Waikiki Wedding delivers a bit more than you would expect from one of Bing Crosby's musical trifles of the 1930's. A couple of hit songs, some dynamic dance numbers, and a lot of genuinely funny, if somewhat broad, gags from rustic Arkansas comedian Bob Burns and big-mouth comedienne Martha Raye. Burns and Rae get riotous support in their department from a certain pal of theirs we'll get to later.
This very likable, laid-back musical comedy is set in romantic, tuneful Hawaii, never mind the cast never actually got any closer to said Pacific isles than the Los Angeles Arboretum and Botanic Garden. If the lavishly constructed sets looked like Hawaii, who cares. The huge cast of Hawaiian natives were all natives, all right. Well, at least two or three were genuine Hawaiians, but the others were all natives -- of Mexico, Latin America, and well...Chicago, maybe. Who cares, it was such great fun! Great music, great singing by Bing and minor leading lady but major singer Shirley Ross, and the "Hawaiian" chorus. Accademy Award nominated dance direction with a terrific foot-stomping number on tom-toms by a well-constructed, Latino-looking babe. The aforementioned broad humor by Burns, Raye, and a platoon of wacky character actors led by George Barbier and a bespectacled Leif Erickson, demonstrating that he had more than a serious side.

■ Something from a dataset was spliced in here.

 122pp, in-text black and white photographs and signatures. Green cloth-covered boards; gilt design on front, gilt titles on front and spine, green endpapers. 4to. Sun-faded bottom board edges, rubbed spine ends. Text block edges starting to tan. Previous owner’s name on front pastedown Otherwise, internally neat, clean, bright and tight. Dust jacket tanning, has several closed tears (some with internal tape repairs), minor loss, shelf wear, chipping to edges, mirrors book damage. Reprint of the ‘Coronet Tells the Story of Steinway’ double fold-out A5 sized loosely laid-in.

This little movie coughed up two hit songs: Accademy Award-winning Sweet Leilani, written by Harry Owens and sung by Bing and chorus, and Blue Hawaii, written by Ralf Raigner and Leo Robin and sung several times by Crosby, Ross, and chorus. While Sweet Leilani got the honors in 1937, Blue Hawaii has proved the more durable, going through several revivals the next three decades, and remaining popular even today. Miss Ross only got one solo song, A Little Hula Heaven, in which to really show what a good voice she had.

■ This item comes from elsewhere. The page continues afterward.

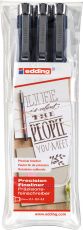 Präzisionsfeinschreiber zur Anfertigung von Skizzen, technischen Zeichnungen und zum Arbeiten mit Schablonen. Das Set enthält Faserzeichner in den Strichbreiten 0,25 mm, 0,35 mm und 0,5 mm. Die feinen metallgefassten Spitzen sorgen für eine hohe Präzision. Die enthaltene Pigmenttinte ist wasserfest und lichtbeständig. Die Kappe hat einen hochwertigen Edelstahlclip.
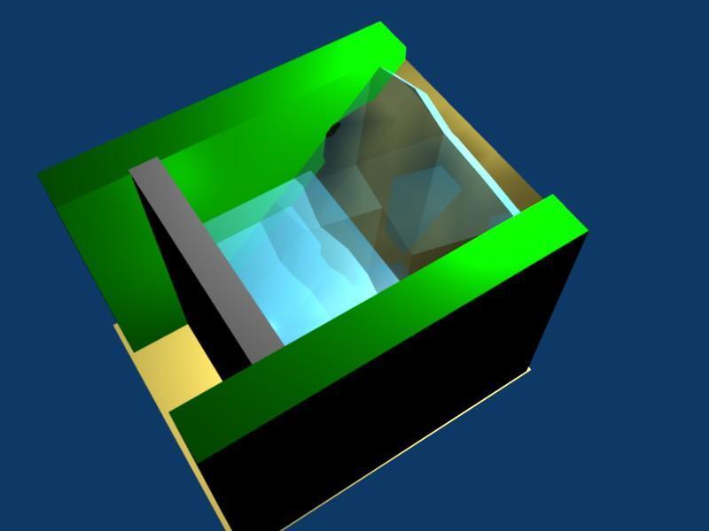 This 3-d image above is the same as the 2-d image; the gray block is the wall of the dam, the brown plane is the ground, and it has water (blue) flowing which's getting accumulated along the block...the other 2 walls which have been referred previously are a part of the valley which have been shown as green; thus the preferred place to grow a dam is between walls of a valley...also notice that the height drop of the river is within the valley, if there's no height drop at any place in the valley, the whole valley is unsuitable for dam construction.Am I right about whatever I've written here?

Bob Burns' folksy, humorous philosophizing and Martha Raye's mugging slapstick will not be appreciated by all, especially those too sophisticated to have a good belly laugh. I liked Burns, but then I'm a hick, too. I tried not to like Martha, but I found myself laughing at her anyway. But the funniest and most charismatic character in this enjoyable picture was, without doubt, Burns' pet pig Wolford! Yours truly usually hates cutesy animals in movies (see my review of We're Not Dressing), but with two exceptions: pigs and chickens, both of which are funny no matter what they are doing. This little Wolford guy was a riot all the way! Surely that porker must have been the great-great-great-great-grandfather of Arnold Ziffel. As you listen to Bob Burns and watch the antics of Wolford, you may start feeling like you have gone to Green Acres.
But never mind, there is a lot for everyone in this entertaining, well turned out Crosby musical comedy Waikiki Wedding.